Thyroid hormones are crucial for neurodevelopment and maintenance of the basal metabolic rate and adaptive responses to stress. Infantile hypothyroidism can lead to severe cognitive and developmental problems. Thyroid hormones are produced in the thyroid gland as the active hormone T3 and the prohormone T4, under the regulation of pituitary TSH. Approximately 15% of circulating T3 is secreted from the thyroid gland, but the majority (∼85%) of T3 is produced by the metabolism of T4 in extrathyroidal tissues. T4 is converted to T3 by outer ring deiodination by 2 related iodothyronine selenodeiodinases, D2 and D1 (Fig. 4). D1 is expressed predominately in liver, kidney, thyroid, and pituitary, and contributes significantly to the circulating concentration of T3. D2 is highly expressed in the anterior pituitary, brown adipose tissue, placenta, thyroid gland, pituitary thyrotroph cells, aortic smooth, and skeletal muscle, where it activates intracellular T4 via conversion to T3 (Fig. 4). Thus, D2 action is required for maintenance of physiological levels of cytoplasmic T3, and thereby D2 modulates nuclear T3 concentration and thyroid hormone action. D3 removes iodine from the inner ring and generates reverse T3, an inactive metabolite.

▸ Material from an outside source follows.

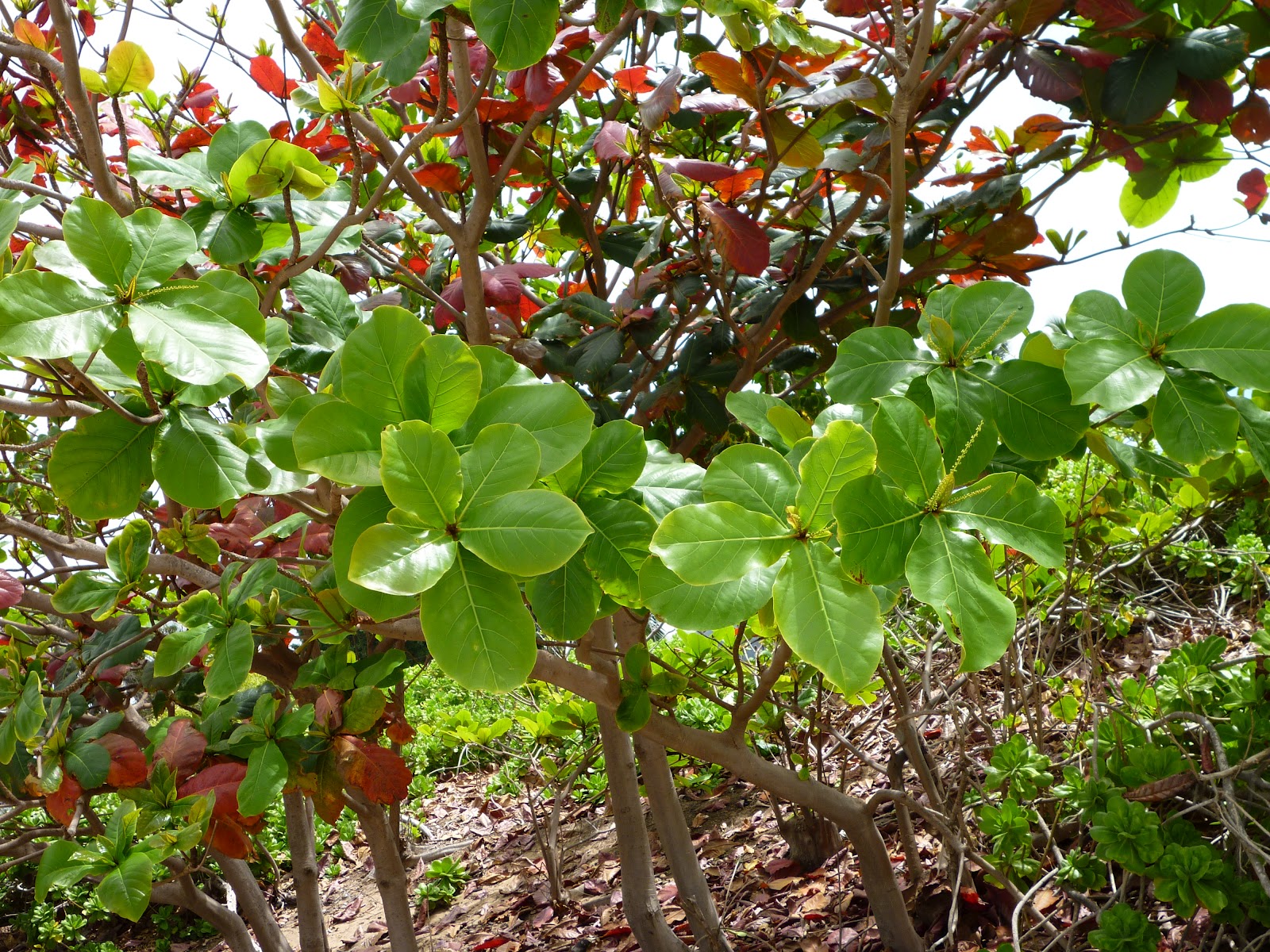 I wish I had taken a dozen more pictures of plumeria trees. Many of the taller ones look at first glance as though they are some kind of dead thing, but then you notice the flowers at the tip of every smooth and bare branch.

To our knowledge, the case we report represents a unique form of hypothyroidism and suggests that inhibition of the D2 iodothyronine deiodinanse in humans can cause clinically relevant disease. The absence of a loss of function mutation in Dio2, which encodes D2, and the resolution of hypothyroidism coincident with the tumor regression suggest that IHH secreted a factor that can inhibit the D2 iodothyronine deiodinase or the transport of T4 into T3-producing cells.
We suggest a full set of thyroid function tests including TSH, T3, T4, free T4, and rT3 in patients with IHH. This case suggests that hypothyroidism can arise by at least 2 mechanisms in patients with IHH: consumptive hypothyroidism caused by the overexpression of D3 and impaired generation of intracellular T3 and pituitary resistance to T4 that likely arises as a result of tumor secretion of a putative inhibitor of D2 activity. Further studies will be necessary to determine the prevalence of this inhibitor and its identity by using a serum from a suspected case to perform an in vitro assay to suppress D2 activity, compared with a control serum.